Vendor Off-Boarding Due Diligence Procedure(Best Practices for Reducing Vendor Risk)

Need and Importance of Vendor Off-Boarding:

Entities are likely to have several established contracts with third-party vendors that enable the business
to operate proficiently. However, most third-party relationships will inevitably cease as product designs
are updated, projects are completed, or better alternatives become available. In addition, terminations
may be necessary when third parties present unacceptable levels of risk, such as from security
exposures, performance shortfalls, financial challenges, or reputational problems.

Whatever the reason for terminating a vendor contract, it’s important to have a structured offboarding
process in place. Vendor offboarding is the practice of removing a vendor’s access to systems, data and
corporate infrastructure – and ensuring that other final actions are executed as stipulated in the contract.
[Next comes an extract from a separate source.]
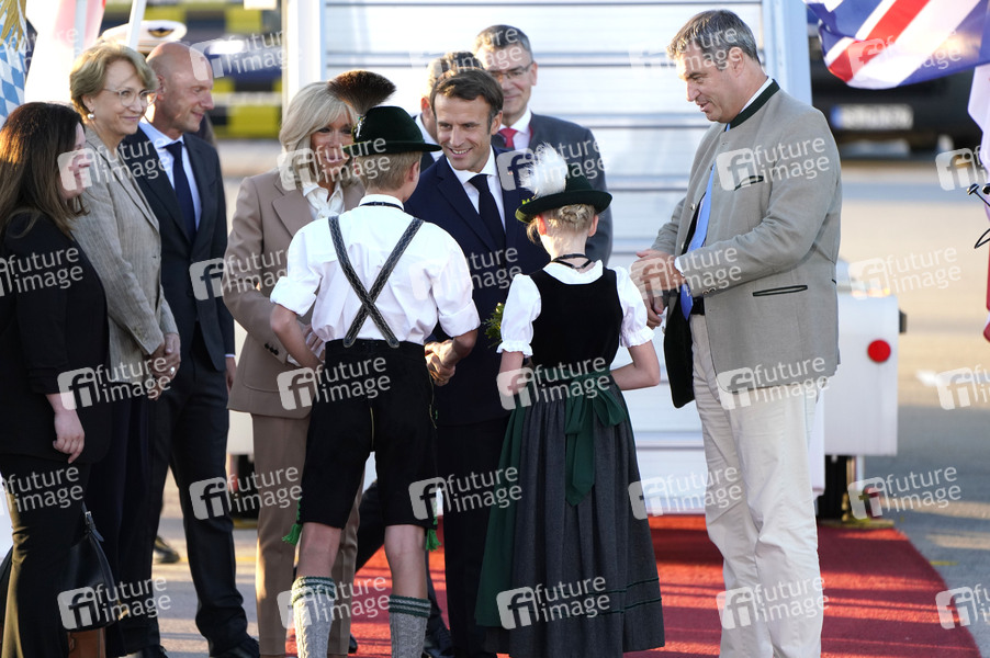 Emmanuel Macron mit Ehefrau Brigitte Macron und Markus Söder bei der Ankunft von Präsident Macron zum G7-Gipfel am Flughafen München Franz Josef Strauß. München, 25.06.2022

The goals of vendor offboarding are to ensure a smooth and secure transition, minimize risk and
disruption to business operations, and protect sensitive information.
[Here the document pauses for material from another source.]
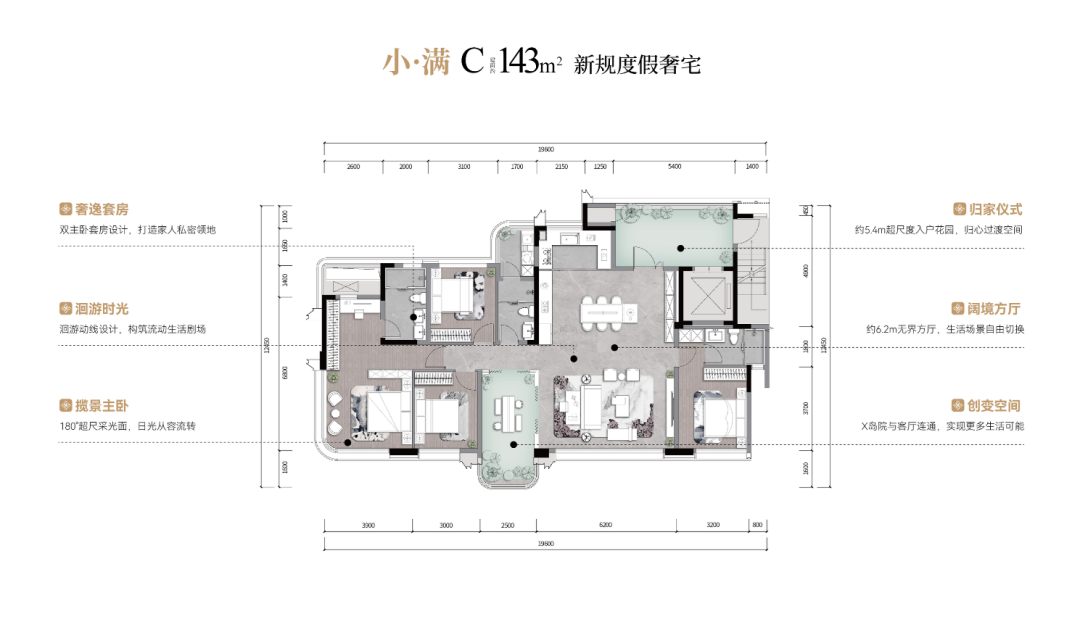 比如建面约143㎡的户型,拥有四大亮点设计,舒适度远超市面上同面积段产品。

Many organizations overlook the importance of a secure and programmatic offboarding process, and
that exposes them to future risks. Few of them are listed below:

Examines challenges in managing vendor offboarding;

Discusses best practices to securely wind down business relationships; and

Recommends a comprehensive vendor offboarding checklist to reduce risk and simplify the process.
Best Practices for Vendor Offboarding

A centralized process can help teams automate vendor offboarding, ensure its completeness, and
effectively mitigate risk.

Here are five best practices to follow during offboarding:

1. Communication Open to Vendor:

Mitigate the risk by keeping the lines of communication open with the vendor throughout the
offboarding process. This includes informing vendors of the offboarding timeline, answering any
questions, and providing clear instructions regarding what is expected during the process. A solution
that centralizes interactions with vendors, maintains tasks and timelines, and requires approval
workflows will greatly reduce the manual work required to address these issues.
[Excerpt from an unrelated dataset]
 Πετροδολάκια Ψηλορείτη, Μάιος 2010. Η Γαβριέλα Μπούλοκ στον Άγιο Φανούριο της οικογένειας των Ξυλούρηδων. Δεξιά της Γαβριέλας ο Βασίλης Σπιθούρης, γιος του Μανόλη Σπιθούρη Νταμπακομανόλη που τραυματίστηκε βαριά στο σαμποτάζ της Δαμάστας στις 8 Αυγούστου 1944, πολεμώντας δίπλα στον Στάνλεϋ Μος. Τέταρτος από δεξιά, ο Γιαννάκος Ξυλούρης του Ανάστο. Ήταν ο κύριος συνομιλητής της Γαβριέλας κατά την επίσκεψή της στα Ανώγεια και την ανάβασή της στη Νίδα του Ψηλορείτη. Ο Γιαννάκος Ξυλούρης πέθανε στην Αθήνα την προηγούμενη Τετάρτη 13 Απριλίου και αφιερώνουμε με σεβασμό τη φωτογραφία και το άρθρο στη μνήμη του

2. Perform a Final Review of the Contract:

Review the contract’s termination provisions to ensure you have the right to terminate the relationship,
and if so, the proper timelines for doing so. A final review with legal and procurement can identify
scope creep and ensure that the vendor provided all the contractually obligated goods and services.
Finally, review KPIs, pending deliverables, and payments. If the vendor is supplying parts, make sure
warranty and support agreements that survive termination are clear.

3. Settle Any Outstanding Bills:

After thoroughly reviewing the contract terms and identifying remaining obligations for both parties,
ensure that you receive final deliverables and schedule final payments. Be sure to include any credits
or returns when calculating payments, as these may be difficult to recover after you terminate the
contract.

4. Revoke Access to IT Infrastructure, Data and Physical Buildings:

Vendors may require access to your systems, such as those used for purchasing, engineering, marketing,
and financial data. When offboarding a vendor, it is critical to terminate their access to your intellectual
property and other sensitive data.

This includes:

Ensuring you have a list of all vendor accounts and deleting login credentials.

Providing the vendor with a complete list of all company-owned equipment they must return. When
repurposing returned equipment, be mindful of data retention requirements.

Deauthorizing access to all applications, including VPNs and cloud apps for file sharing and
messaging.

Deauthorizing any access the vendor may have had through APIs, as these could be a useful attack
vector if a hacker later compromises the vendor.

5. Continuously Monitor Vendors for Potential Future Risks:

Even though the contract has been terminated and all tasks have been successfully completed, risks to
company’s systems and data, as well as compliance or reputational risks, can still emerge long after the
relationship ends. Continuously monitoring multiple risk vectors will ensure that your team has
extended visibility into potential future risks.